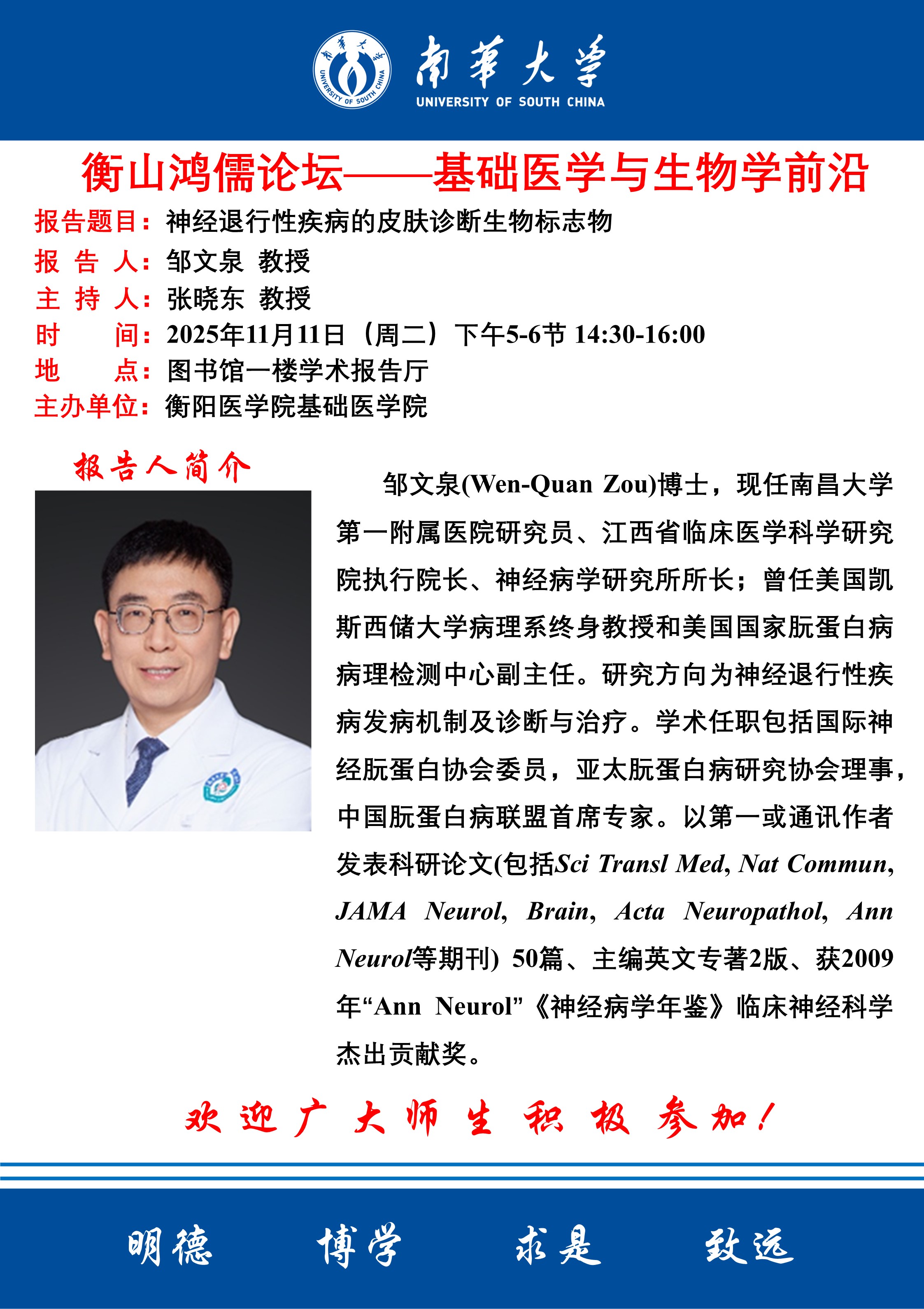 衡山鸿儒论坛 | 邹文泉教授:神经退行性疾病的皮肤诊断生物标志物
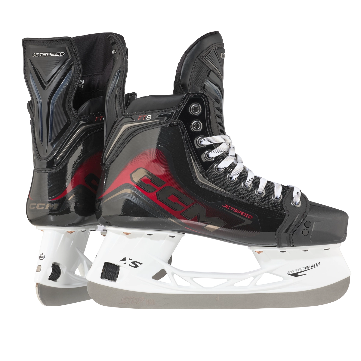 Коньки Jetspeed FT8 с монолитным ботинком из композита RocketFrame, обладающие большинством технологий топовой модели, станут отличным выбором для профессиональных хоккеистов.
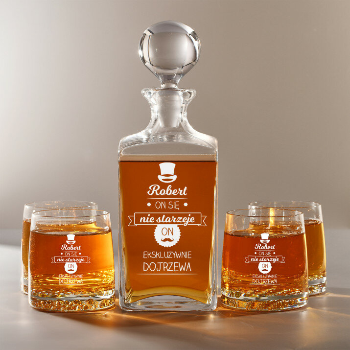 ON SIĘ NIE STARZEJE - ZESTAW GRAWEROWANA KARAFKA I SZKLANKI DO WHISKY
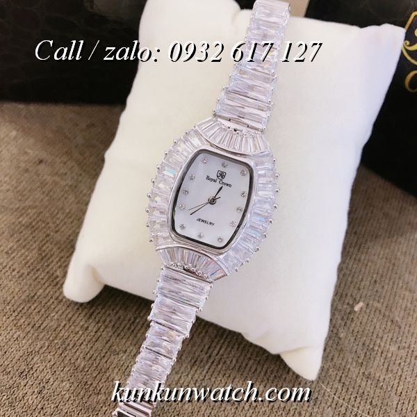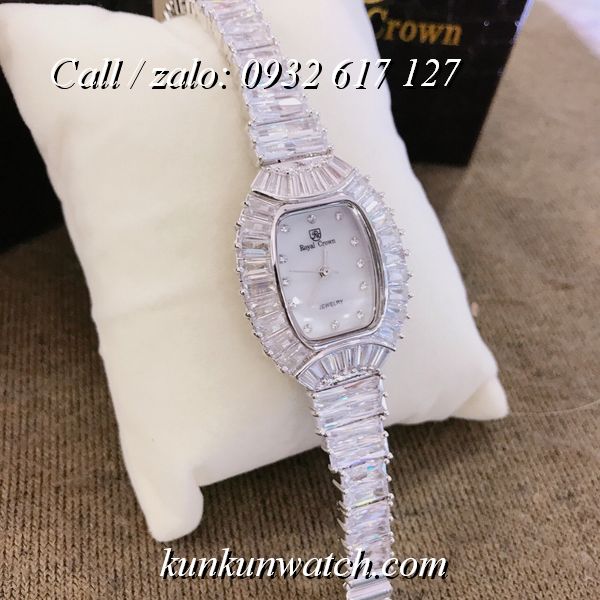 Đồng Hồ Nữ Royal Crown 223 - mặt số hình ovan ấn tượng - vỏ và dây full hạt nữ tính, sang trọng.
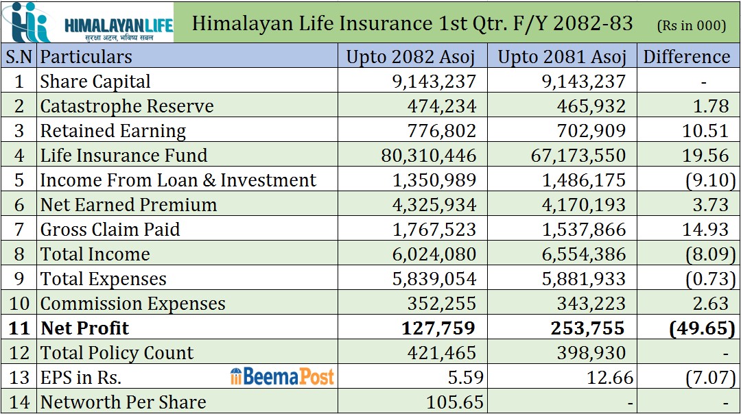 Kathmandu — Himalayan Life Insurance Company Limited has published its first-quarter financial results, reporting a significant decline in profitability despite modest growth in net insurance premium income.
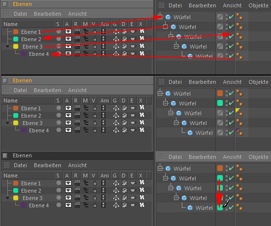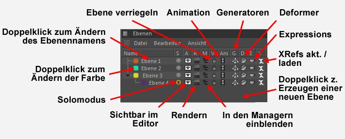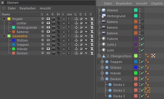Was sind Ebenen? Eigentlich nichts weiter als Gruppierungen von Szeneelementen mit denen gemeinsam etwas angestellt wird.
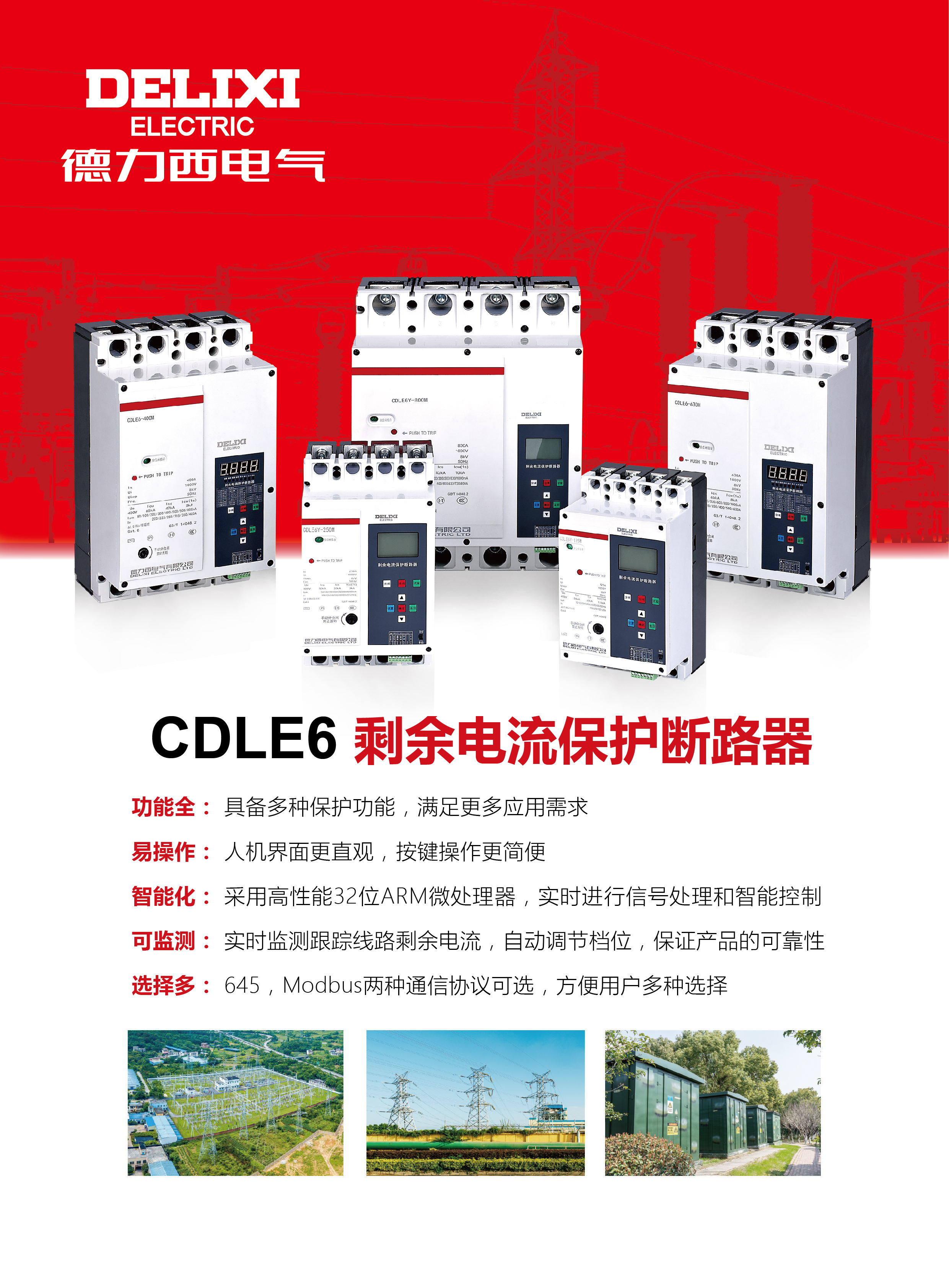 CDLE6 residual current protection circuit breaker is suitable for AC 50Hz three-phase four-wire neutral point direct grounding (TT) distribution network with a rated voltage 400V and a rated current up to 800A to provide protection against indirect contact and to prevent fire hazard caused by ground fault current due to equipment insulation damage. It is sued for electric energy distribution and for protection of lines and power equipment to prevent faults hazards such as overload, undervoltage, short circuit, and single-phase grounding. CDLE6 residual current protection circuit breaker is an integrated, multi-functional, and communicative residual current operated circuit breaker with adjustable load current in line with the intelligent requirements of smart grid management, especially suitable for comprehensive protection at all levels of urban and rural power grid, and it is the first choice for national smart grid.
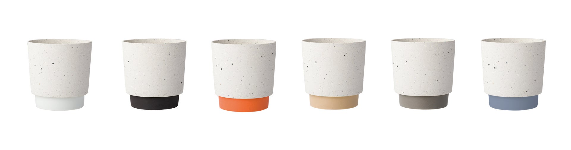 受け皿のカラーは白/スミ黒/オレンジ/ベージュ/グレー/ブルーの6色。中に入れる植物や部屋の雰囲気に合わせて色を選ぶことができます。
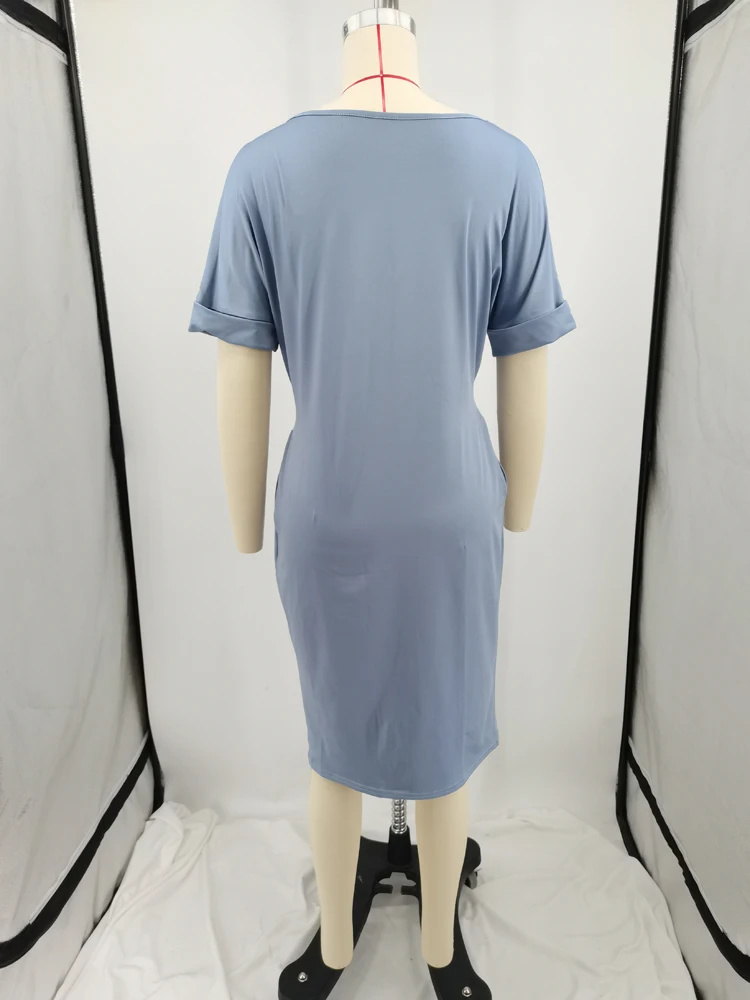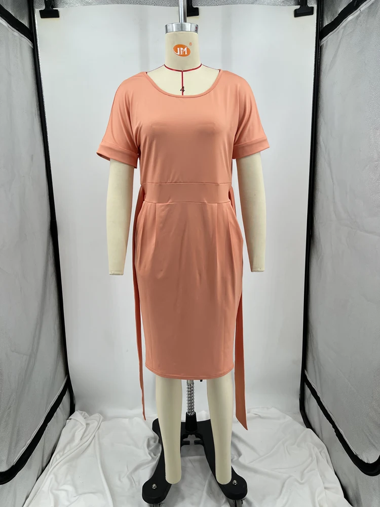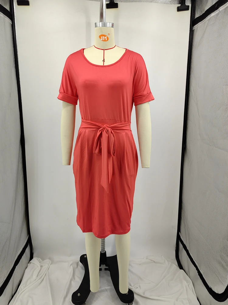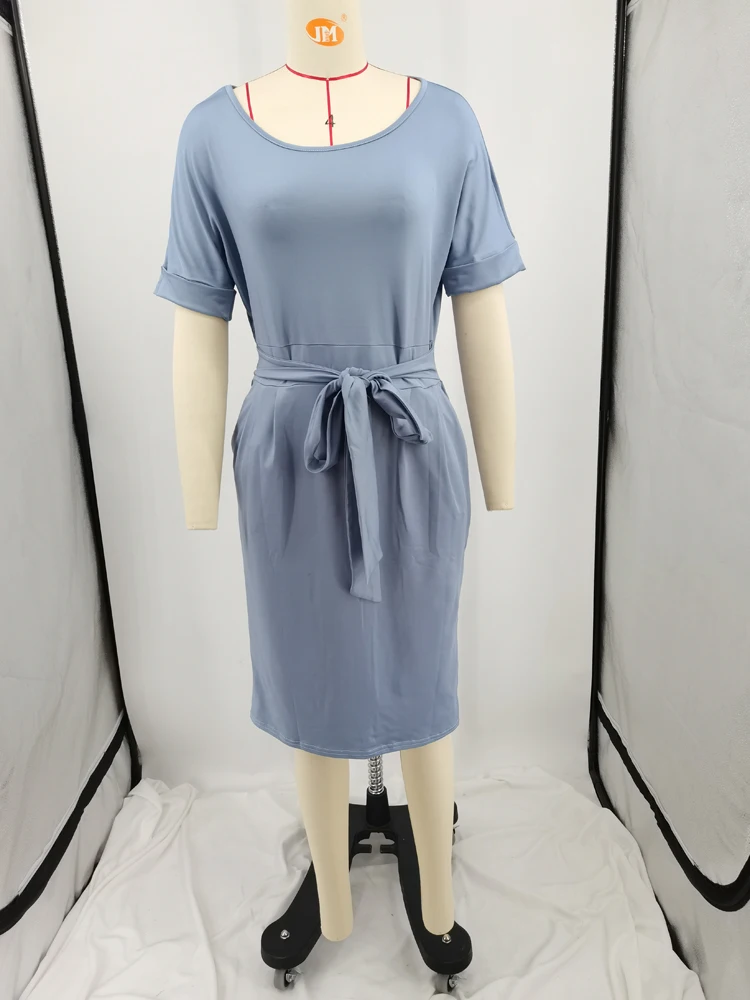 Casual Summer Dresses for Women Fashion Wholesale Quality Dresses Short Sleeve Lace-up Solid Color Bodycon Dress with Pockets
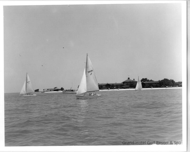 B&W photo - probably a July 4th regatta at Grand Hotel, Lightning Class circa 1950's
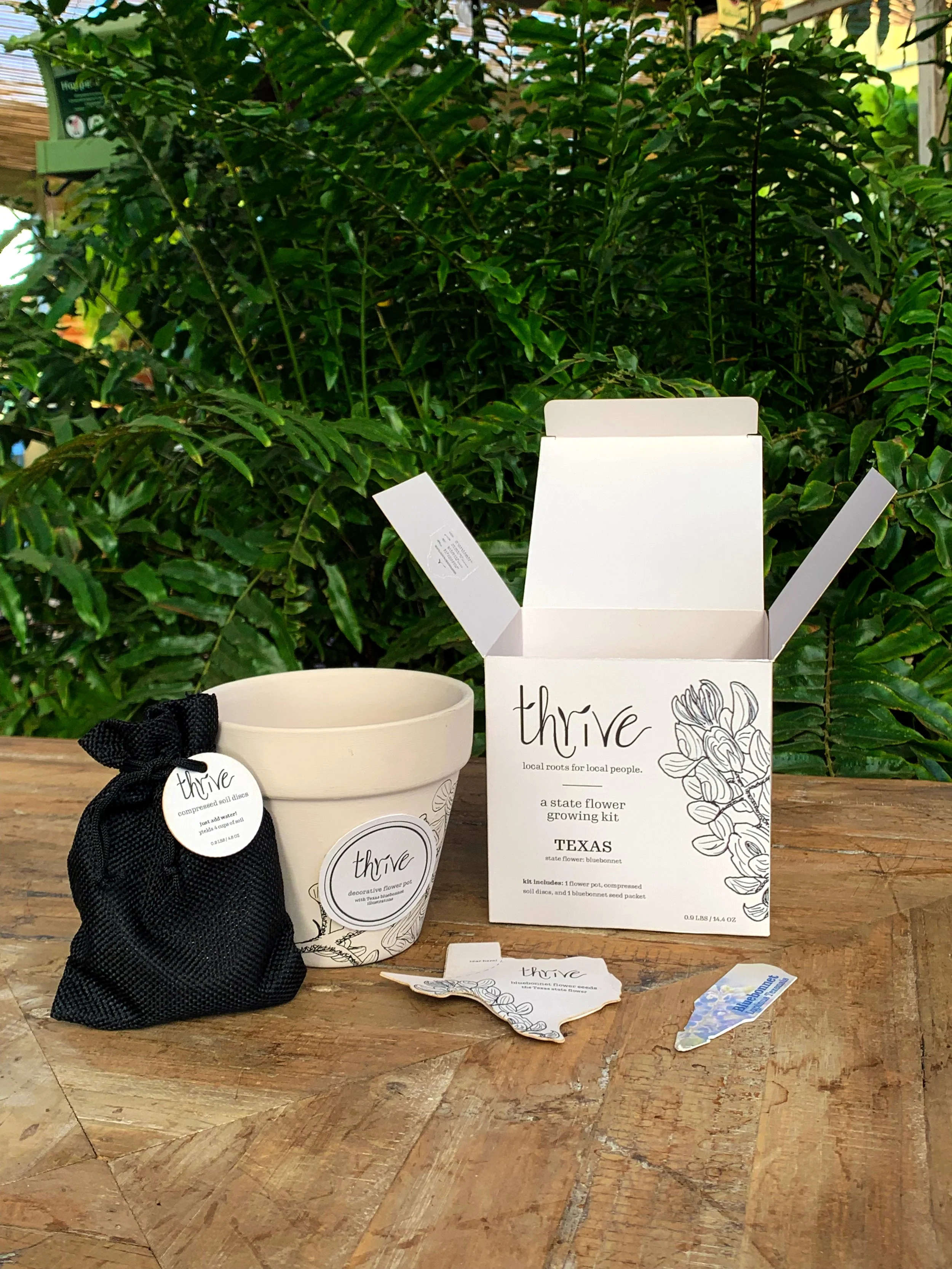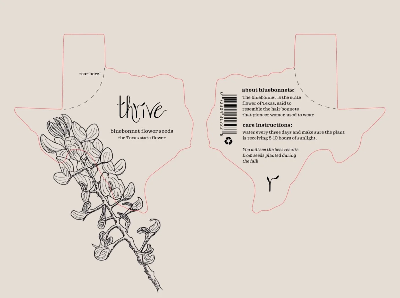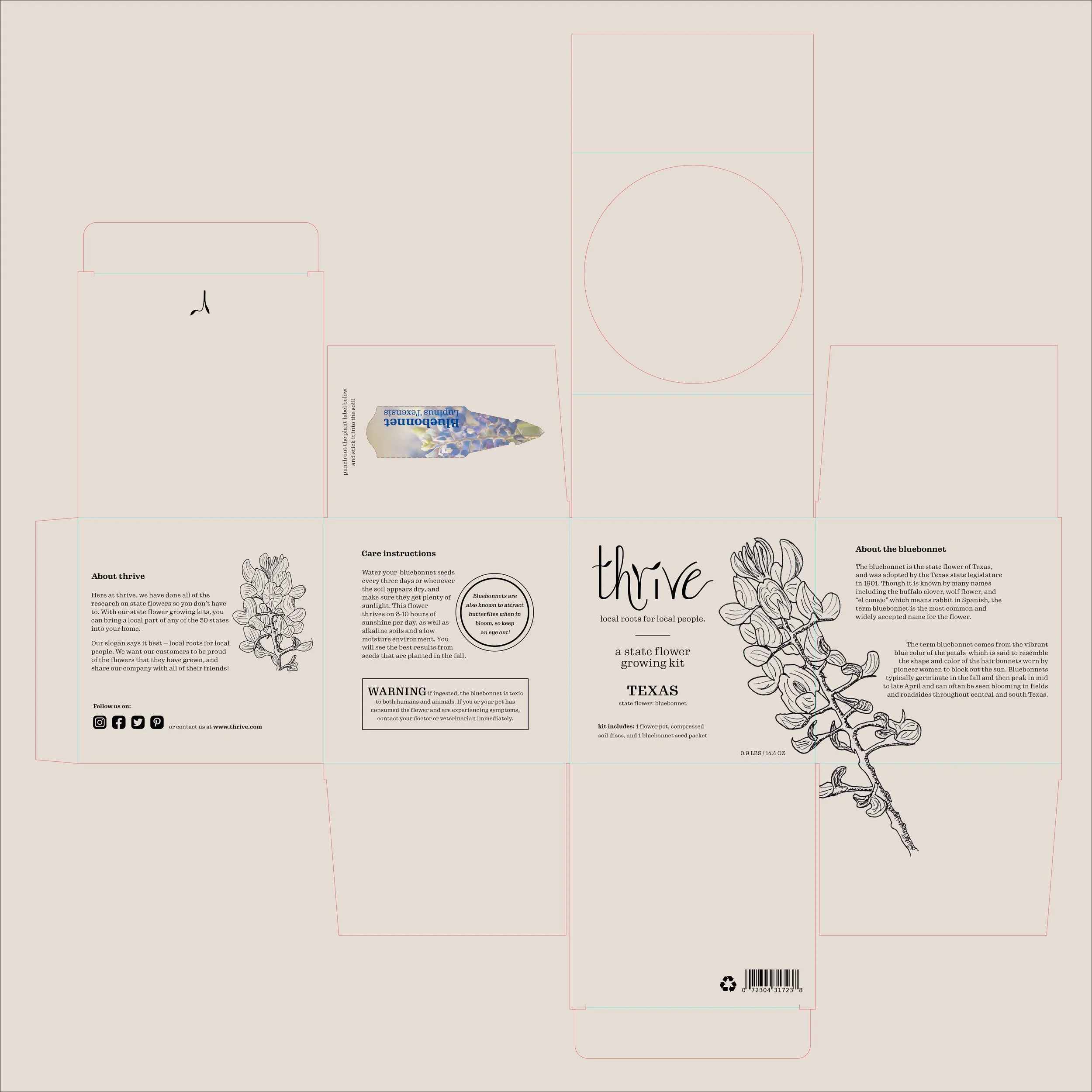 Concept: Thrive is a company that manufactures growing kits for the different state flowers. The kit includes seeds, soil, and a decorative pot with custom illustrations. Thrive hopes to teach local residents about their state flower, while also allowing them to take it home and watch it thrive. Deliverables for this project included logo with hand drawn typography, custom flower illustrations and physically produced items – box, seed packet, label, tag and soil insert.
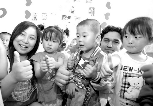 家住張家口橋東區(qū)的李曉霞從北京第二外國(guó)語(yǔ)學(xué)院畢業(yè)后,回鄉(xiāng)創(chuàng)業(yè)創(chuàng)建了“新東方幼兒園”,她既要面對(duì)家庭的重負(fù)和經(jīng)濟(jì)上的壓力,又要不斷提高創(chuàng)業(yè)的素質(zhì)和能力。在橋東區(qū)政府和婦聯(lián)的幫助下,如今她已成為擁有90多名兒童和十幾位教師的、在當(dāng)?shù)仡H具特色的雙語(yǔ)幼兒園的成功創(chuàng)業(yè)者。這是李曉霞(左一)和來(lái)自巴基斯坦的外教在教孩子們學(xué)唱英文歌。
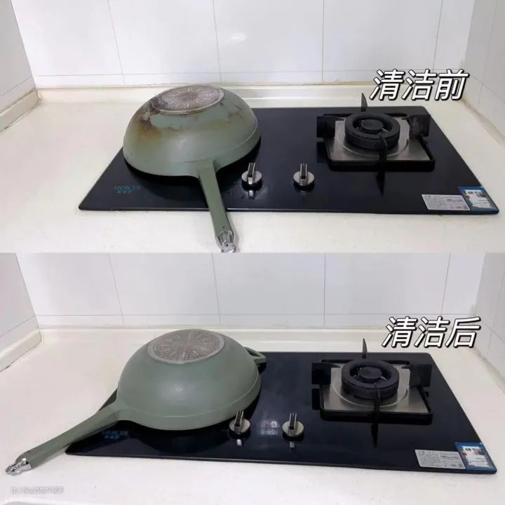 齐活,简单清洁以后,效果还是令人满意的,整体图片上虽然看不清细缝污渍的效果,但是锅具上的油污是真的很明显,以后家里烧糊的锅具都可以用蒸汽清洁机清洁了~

◆ WHAT YOU HAVE TO DO: Reproduce exactly, with no pictures, the lines above from the one holding "Đồng Hồ Nữ Royal" to the one holding "Kathmandu — Himalayan", inclusive.

◆ ANSWER BOX:
 Đồng Hồ Nữ Royal Crown 223 - mặt số hình ovan ấn tượng - vỏ và dây full hạt nữ tính, sang trọng.
 Kathmandu — Himalayan Life Insurance Company Limited has published its first-quarter financial results, reporting a significant decline in profitability despite modest growth in net insurance premium income.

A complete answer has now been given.